USD/CHF has been non-volatile with the bullish gains since it broke and retested the 0.9450 area. Recently published positive economic reports on the USD side did help the currency to dominate CHF in the process whereas CHF was struggling with worse economic reports.

Ahead of the high impact economic reports to be published tomorrow including NFP, Average Hourly Earnings, and Unemployment Rate, Today USD Non-Farm Productivity report is going to be published which is expected to increase to 0.9% from the previous value of 0.0%, Prelim Unit Labor Cost is expected to increase to 3.1% from the previous value of 2.5%, Unemployment Claims report is expected to increase to 225k from the previous figure of 209k and Trade Balance report is expected to have less deficit by increasing to -50.0B from the previous figure of -57.6B. Additionally, USD Final Services PMI report is going to be published which is expected to be unchanged at 54.4, ISM Non-Manufacturing PMI is expected to decrease to 58.1 from the previous figure of 58.8, Factory Orders are expected to increase to 1.3% from the previous value of 1.2% and Natural Gas Storage report is expected to show an increase to 47B from the previous negative figure of -18B.

On the other hand, recently CHF SECO Consumer Climate report was published with decrease to 2 which was expected to be unchanged at 5, Retail Sales decreased to -1.8% from the previous value of -0.2% which was expected to increase to 0.3% and Manufacturing PMI report was published with an increase to 63.6 from the previous figure of 60.3 which was expected to decrease to 59.9.
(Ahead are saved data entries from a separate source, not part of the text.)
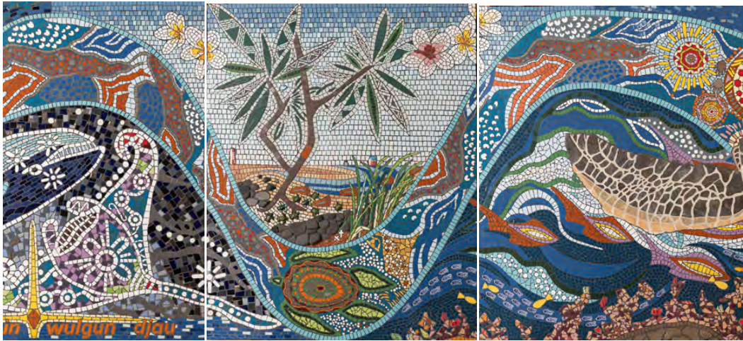
South Sea Islander panel
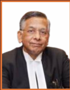
MR. R. VENKATARAMANI Attorney General for India
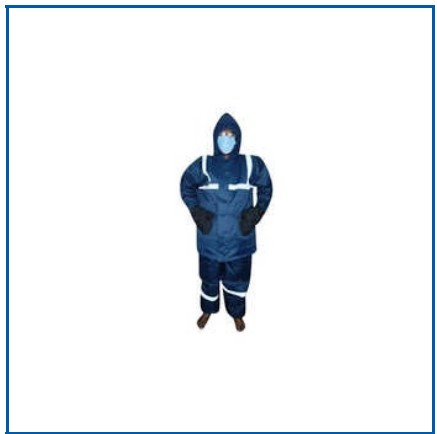
COLD ROOM STORAGE SUITS
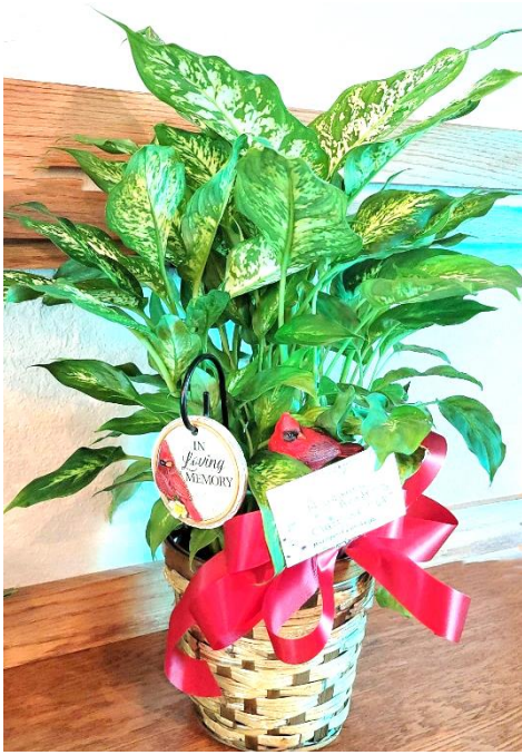
Augustana Academy Class of '68
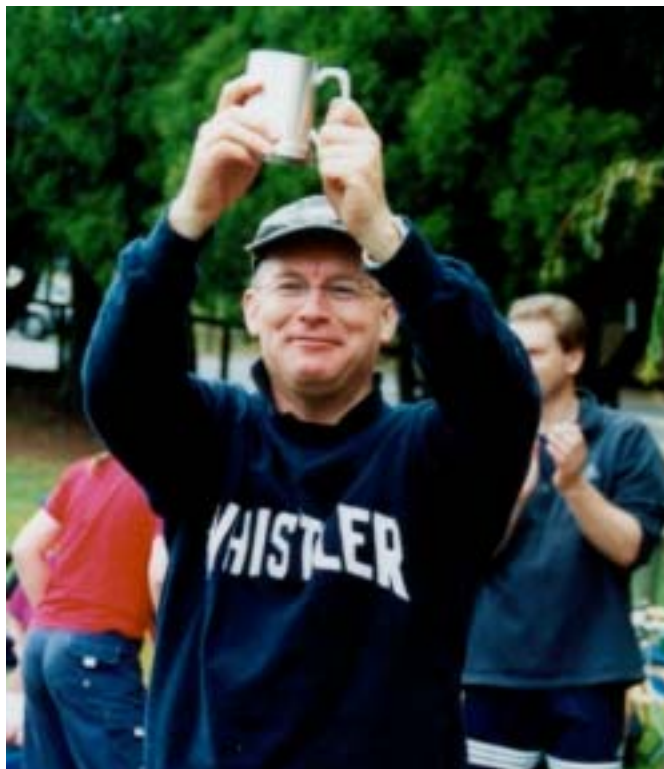
Victory is sweet

Several public events were organised: some worked, some did not. 53 These included a men's walk, annual golf days, women's coffee meetings, cricket matches against North Terrace, and annual celebrations of the anniversary of their beginning, the first a happy family day in the nearby Mount Lofty Botanic Gardens. Schools work was begun, using the Scripture Union Options Program and the like. A set of the well-practised 'Why' series of evangelistic meal and talk meetings was conducted. 54 The available program of activities in place at North Terrace was publicised and, for example, a number of Hills men attended the 2001 Katoomba Men's Convention. Monday morning meetings of a few key leaders canvassed the (non) attendance of the previous day and allotted follow-up action. When the Edwards moved into their (rented) house they celebrated by hosting a series of after-church Sunday barbecues, to which 40-50 people came.
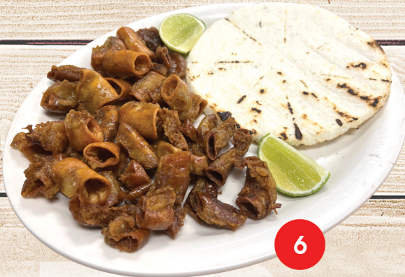
6 Chunchurria 8.00 Roast Tripe with Corn Cake
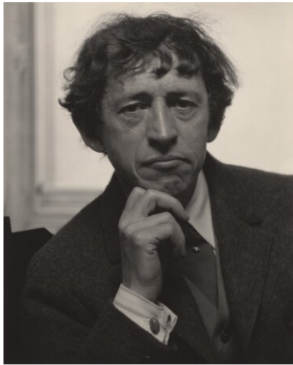
Alfred Stieglitz John Marin 1921/1922 gelatin silver print Key Set Number 707
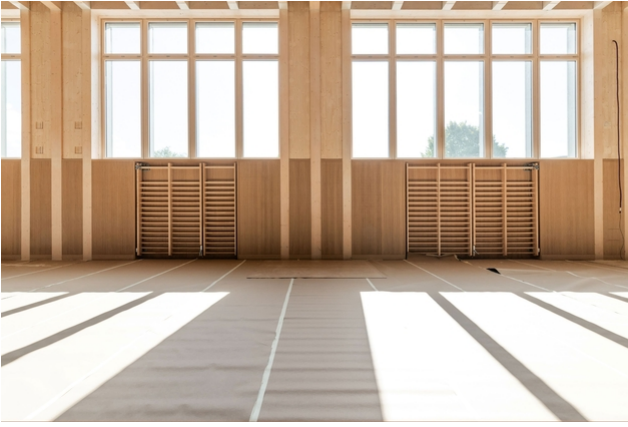
Interior view of the gymnasium during the shell construction phase
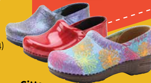
Gitte kids' 26-34 (US 8.5-4) Iridescent Blue Shagreen Red Eelskin Patent Blue Starburst
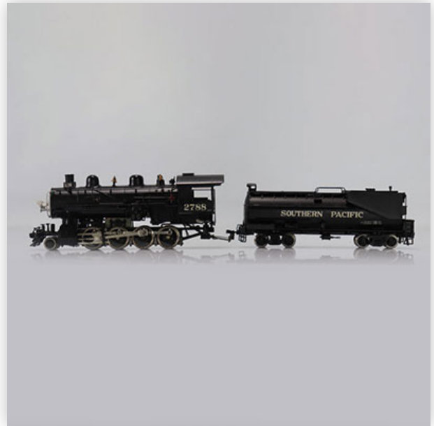
254 Balboa-Katsumi locomotive / Reference: 2788 / Type: Class C9 2-8-0 #2788

Référence: GFAB6388 — Poids: 745 g — Region: Amérique — Sizes: Avec boîte= H=65mm L=220mm — Condition: At first glance - very good condition - no restoration - no repair
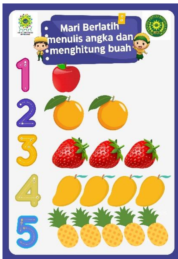
Figure 6. Poster Theme "Let's Count".
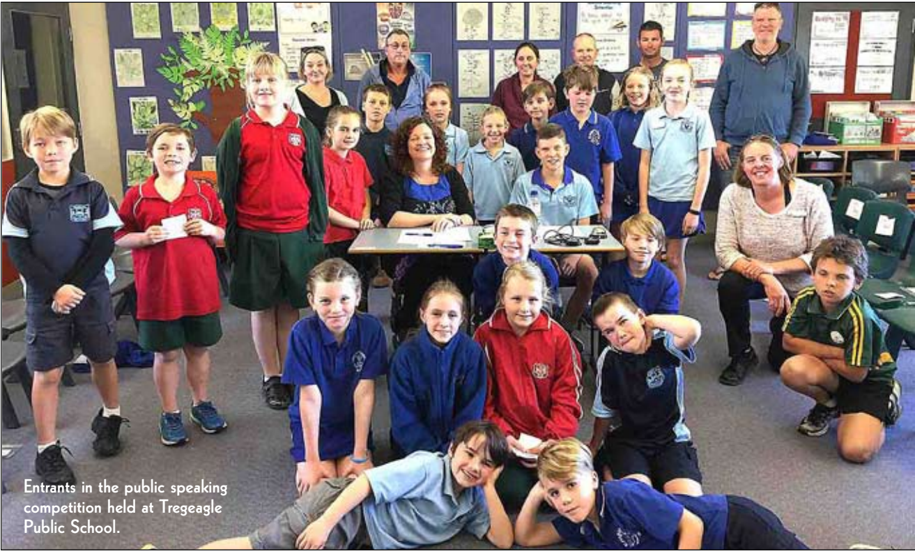
Entrants in the public speaking competition held at Tregagle Public School.

Nurse to patient ratios reduce errors, improve the amount of time each nurse can spend on patient care, create better workplaces, reduce stress and lead to higher retention of nurses and midwives.
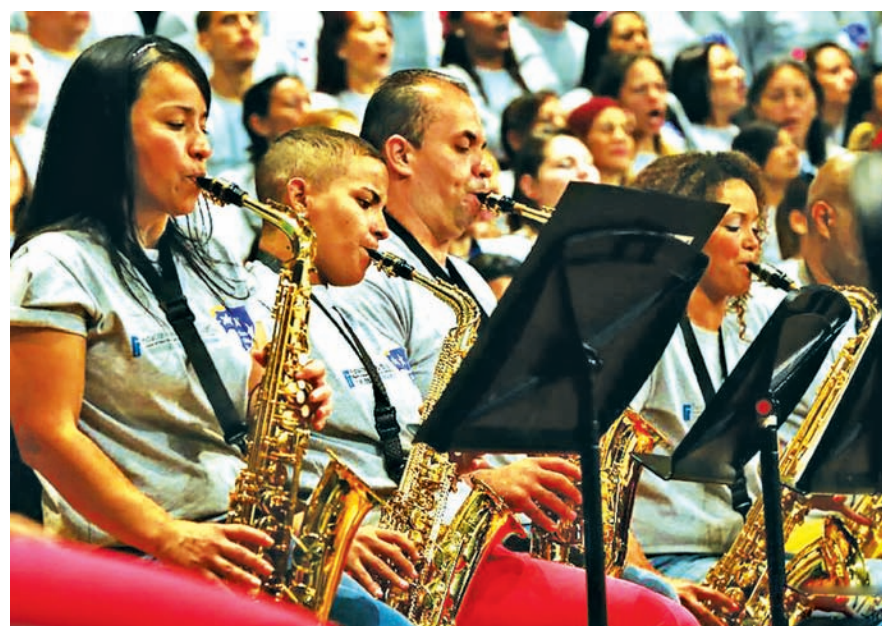
Members of the Penitentiary Symphonic Orchestra take part in a Christmas concert for the Peace, in the Teresa Carreno Theater, in Caracas, Venezuela, on 7 Dec, 2014.
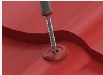
2. Screwing in through the hole in the mini saddle washer
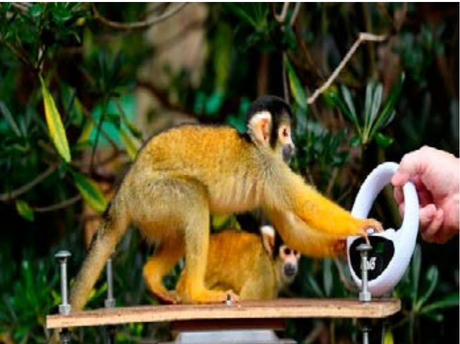
Zoo keeper Tony Cholerton uses an electronic identification chip reader on a squirrel monkey as it stands on weighing scales at the ZSL London Zoo 2020 weigh-in.
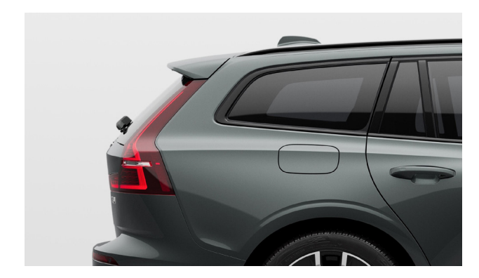
Forest Lake Metallic
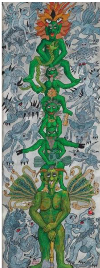
Ali Akbar Sadeghi. "N/A". 2023 Acrylic and ink on canvas. 131.5 x 59 cm
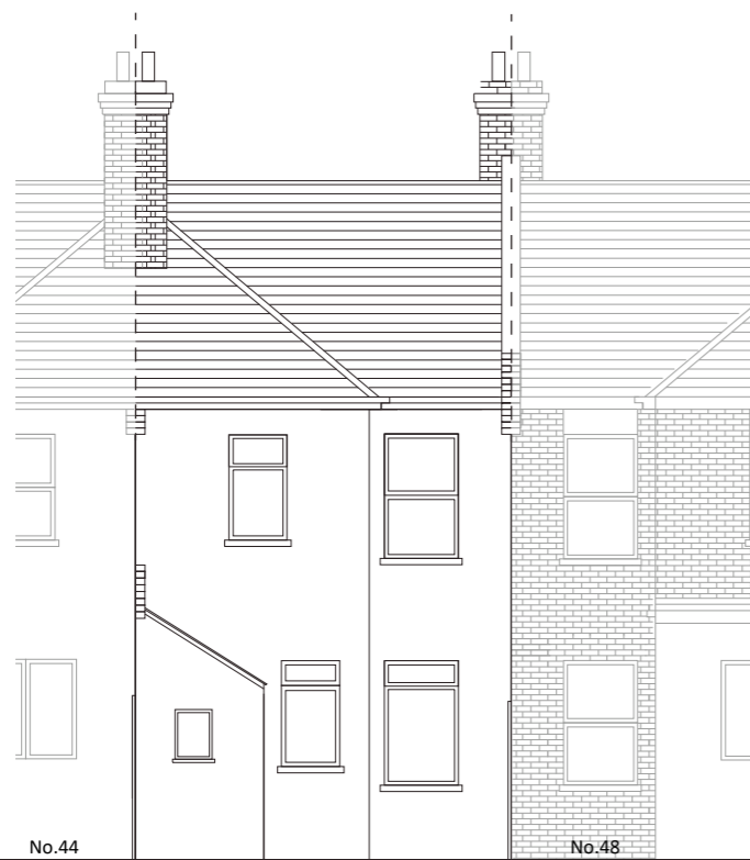
REAR ELEVATION (SE) AS EXISTING
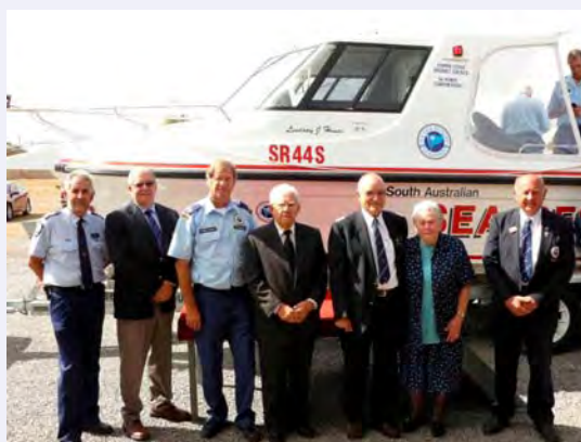
Launch of Sea Rescue 4 at the Copper Coast.
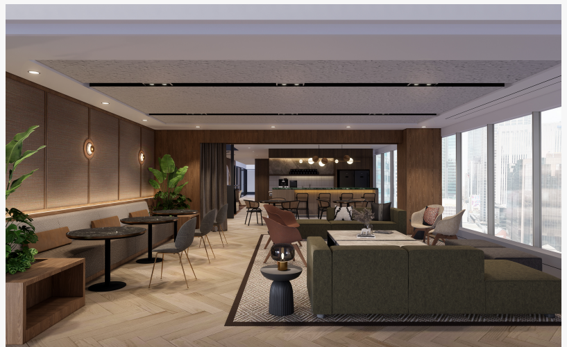
JustCo Sydney - 135 King Street Interior
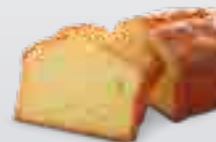
19 • Pound cake
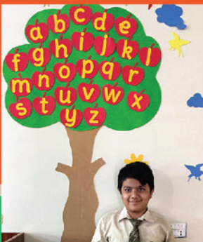
PWD Campus, Islamabad
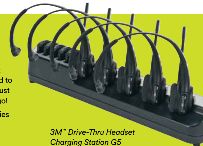
3M™ Drive-Thru Headset Charging Station G5
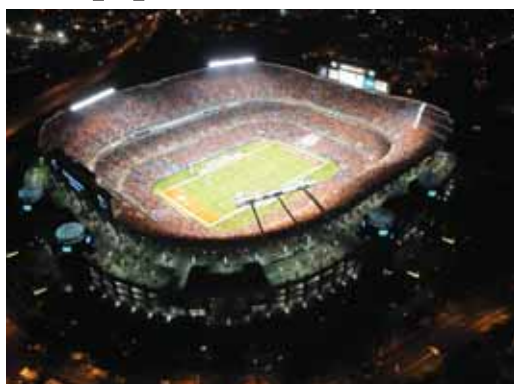
Charlotte's Bank of America Stadium
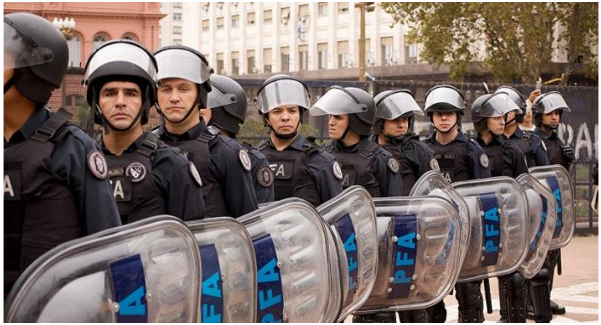
Personal Argentina Federal Police in riot gear function.

On March 5, 2018, it was published in the Official Gazette on Presidential Decree No. 174/2018, which actually performs a modification of Decree No. 357/2002 in which is seated the organizational structure (Organization and Objectives) Executive Power of the Nation Argentina.
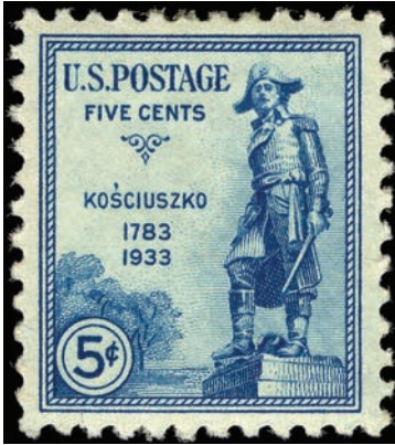
Fig. 25. Kosciuszko, five cent, 1933

European immigrants were defined as racially different from old stock immigrants hailing from western Europe. Celebrating Kosciuszko's naturalization tells us that it was important for the Polish National Alliance, Polish Roman Catholic Union, and other organizations to broadcast their hereditary claims to Revolutionary lineage and American citizenship. The first naturalization law in 1790 dictated that only a "free white person" was eligible for citizenship. Kosciuszko qualified as white and fit for citizenship, contradicting the justifications behind immigration restrictions of people from Poland found in the Quota Act and Johnson-Reed. In the early twentieth century, Polish Americans were inching their way out of an in-between status, racially, and used the accomplishments of two Polish military men who volunteered (and died, in Pulaski's case) for the American cause during Revolutionary War as their connection to the origins of the republic. 60
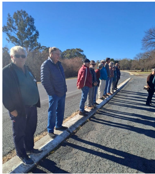
Where else would you stand for a chat in the sun other than the side of a busy road?!
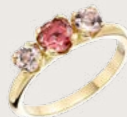
Pink tourmaline and morganite ring, £1100 , Winterson

As of the current scenario, the market sentiment has been favoring USD along the way whereas the mixed economic reports published on the CHF side fueled the USD to gain more momentum in the process. Ahead of the upcoming series of high impact economic reports to be published today and tomorrow, USD is expected to be quite volatile with its gains while trying to sustain the bullish momentum in the pair. Despite the economic reports results of USD which are forecasted to have mixed results, CHF is expected to regain some momentum along the way for a certain period of time before USD takes the lead again in the future.

Now let us look at the technical view. The price is currently residing at the edge of 1.00 resistance area from where it is expected to push lower towards 0.9850 and later towards 0.97 in the coming days. Certain Bearish Divergence has been spotted along the way which is expected to add to the probability of upcoming bearish momentum in the pair. As the price remains below 1.00 area, a certain bearish pressure is expected in this pair for the coming days.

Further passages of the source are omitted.